AgBr tetradecahedrons with co-exposed {100} and {111} facets: simple fabrication and enhancing spatial charge separation using facet heterojunctions

Abstract

The solar energy conversion efficiency of semiconductor materials is closely related to the separation rate of photogenerated charge carriers. Recently, “facet heterojunctions” have attracted much attention because of their outstanding capability for separating the photogenerated charge carriers. In this research, silver bromide (AgBr) crystals with different exposed facets were synthesized using a double-jet precipitation method using the inherent bromide (Br⁻) ions as the structure directing agent. The morphology and exposed facets of the AgBr crystals were conveniently tailored by adjusting the concentration of Br⁻ ions, i.e., cubes with {100} facets, tetradecahedrons with both {100} and {111} facets, and octahedrons with {111} facets were synthesized when the concentrations of Br⁻ ions were 10^−3.0, 10^−2.5, and 10^−2.0 M, respectively.
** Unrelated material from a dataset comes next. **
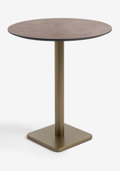 Klein (eet-)hoekje inrichten? COCOmaison heeft dé oplossing voor je! In onze Brest-serie vind je namelijk heel veel leuke bistro- en bartafeltjes. De tafels hebben allemaal een metalen poot, die verkrijgbaar is in goud of zwart en een blad van eikenhout, steen of marmer. Je kunt daarnaast telkens kiezen uit een ronde, vierkant of rechthoekige variant. Door al die verschillende uitvoeringen kun je uit maar liefst verschillende 72 tafeltjes kiezen! Superhandig én stijlvol dus! Dit is de ronde bartafel met een diameter van 80 cm, een goudkleurige poot en een blad van steen in kleur roest.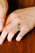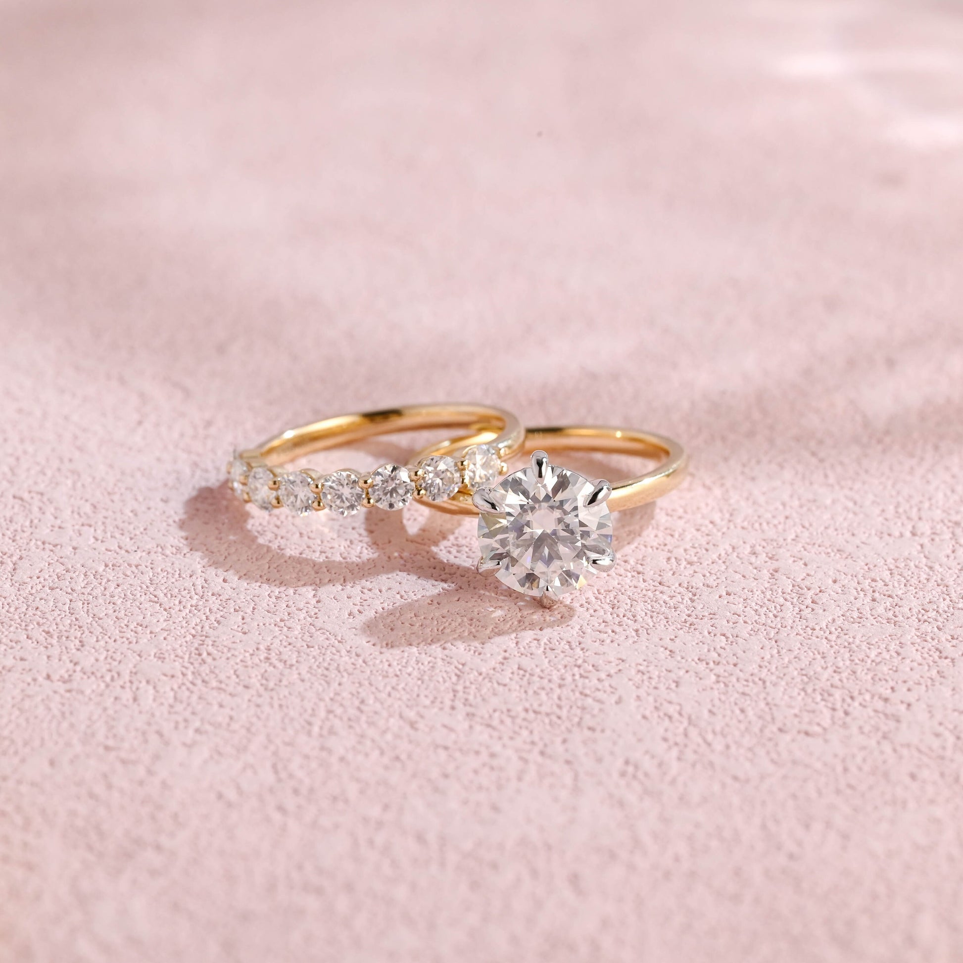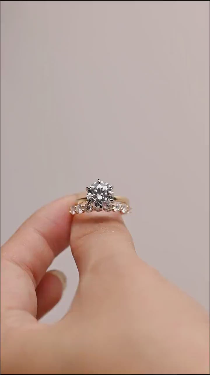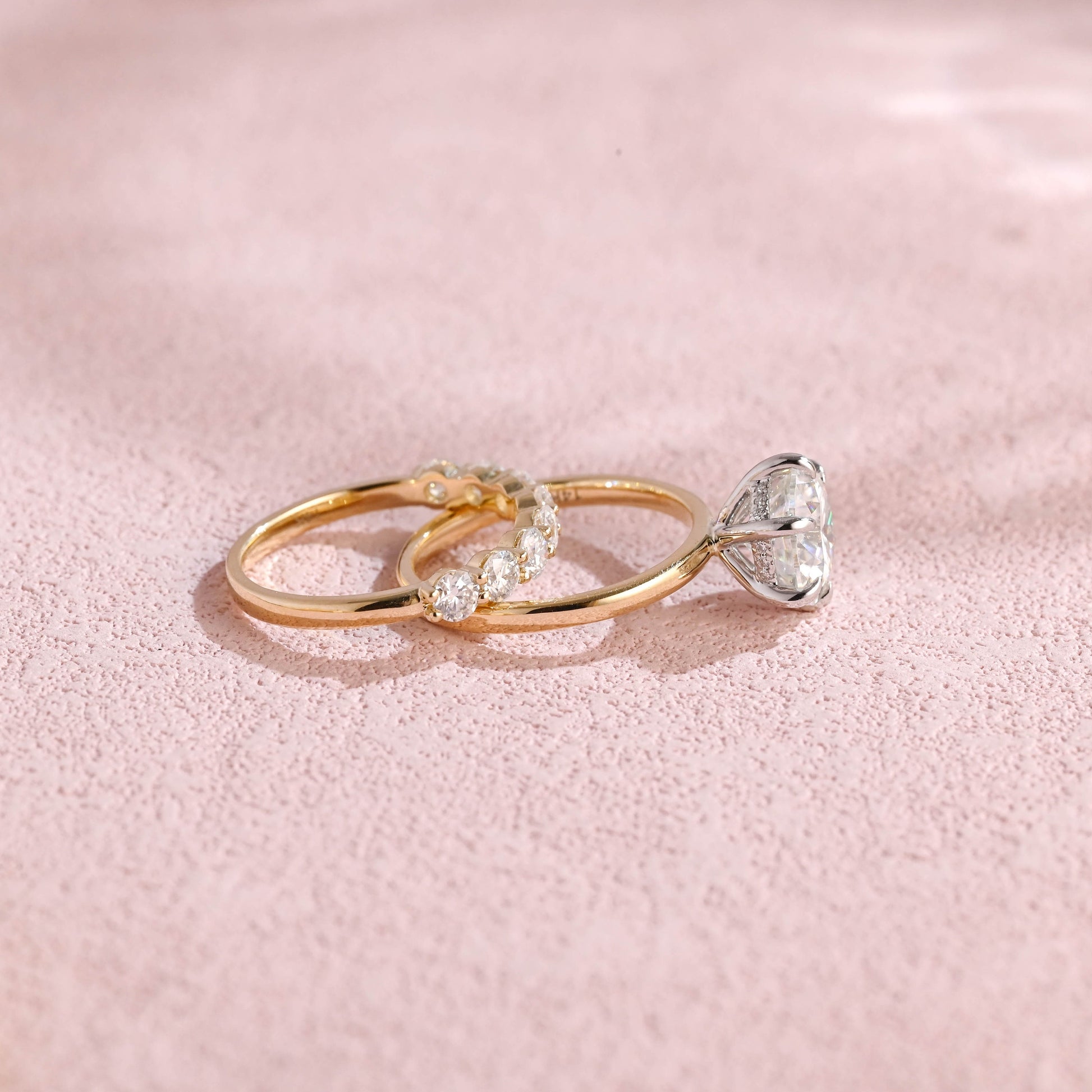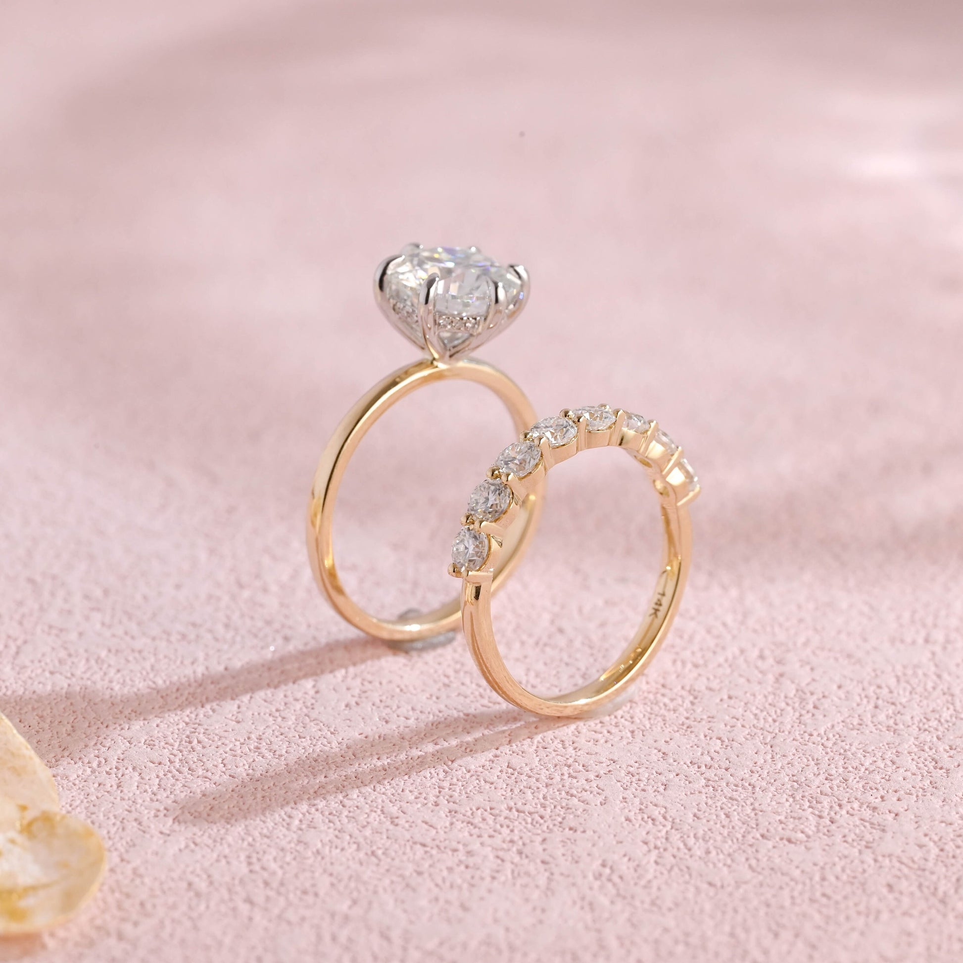 Two Tone 2.5ct 8.5mm Round Moissanite Engagement Ring Set,14K Yellow Gold Bridal Set Hidden Halo, Wedding Ring Set Art Deco Ring Gift Women

Br⁻ ions can clearly decrease the surface energies of the (100) and (111) surfaces, by which the growth rate of AgBr nuclei along the [100] and [111] directions can be tuned by adjusting the concentration of Br⁻ ions, leading to the formation of AgBr crystals with different exposed facets. The transient photocurrent, electrochemical impedance, and photoluminescence spectrum measurements indicated that the tetradecahedral AgBr crystals show higher electron–hole separation rate than the cubic and octahedral ones. Mott–Schottky and photo-oxidation deposition experiments revealed that the photogenerated electrons and holes are transferred to AgBr {100} and {111} facets, respectively. The benefit from the effective spatial isolation of photogenerated electrons and holes was that tetradecahedral AgBr crystals with co-exposed {100} and {111} facets showed enhanced photocatalytic activity for the degradation of methyl orange and sulfadiazine.